SQLite would meet those criteria, except for the eventual shared file scenario in the future (and actually it could probably do that to if the network file system implements file locks correctly).
Many good solutions (such as SQLite) have been mentioned. Let me add two, since you don't require SQL:
HamsterDB fast, simple to use, can store arbitrary binary data. No provision for shared databases.
Glib HashTable module seems quite interesting too and is very
common so you won't risk going into a dead end. On the other end,
I'm not sure there is and easy way to store the database on the
disk, it's mostly for in-memory stuff
I've tested both on multi-million records projects.
As you are familiar with Fairtree, then you are probably also familiar with Raima RDM.

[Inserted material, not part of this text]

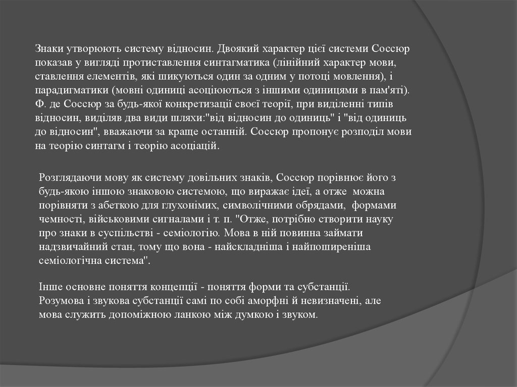 Соссюр всіляко підкреслював системний характер мови іобгрунтував його знакову природу. На його думку, мовні

It went open source a few years ago, then dbstar claimed that they had somehow acquired the copyright. This seems debatable though. From reading the original Raima license, this does not seem possible. Of course it is possible to stay with the original code release. It is rather rare, but I have a copy archived away.

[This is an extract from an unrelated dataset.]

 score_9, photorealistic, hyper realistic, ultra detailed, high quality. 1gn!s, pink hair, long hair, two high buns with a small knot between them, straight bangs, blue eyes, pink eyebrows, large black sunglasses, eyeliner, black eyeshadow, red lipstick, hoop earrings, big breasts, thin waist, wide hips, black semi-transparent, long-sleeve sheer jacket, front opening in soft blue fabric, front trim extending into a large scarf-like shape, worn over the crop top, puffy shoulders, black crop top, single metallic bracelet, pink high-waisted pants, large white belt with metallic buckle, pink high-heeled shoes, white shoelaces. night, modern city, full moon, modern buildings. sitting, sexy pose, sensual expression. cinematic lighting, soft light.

SQLite tends to be the first option. It doesn't store data as strings but I think you have to build a SQL command to do the insertion and that command will have some string building.
BerkeleyDB is a well engineered product if you don't need a relationDB. I have no idea what Oracle charges for it and if you would need a license for your application.
Personally I would consider why you have some of your requirements . Have you done testing to verify the requirement that you need to do direct insertion into the database? Seems like you could take a couple of hours to write up a wrapper that converts from whatever API you want to SQL and then see if SQLite, MySql,... meet your speed requirements.
There used to be a product called b-trieve but I'm not sure if source code was included. I think it has been discontinued. The only database engine I know of with an ISAM orientation is c-tree.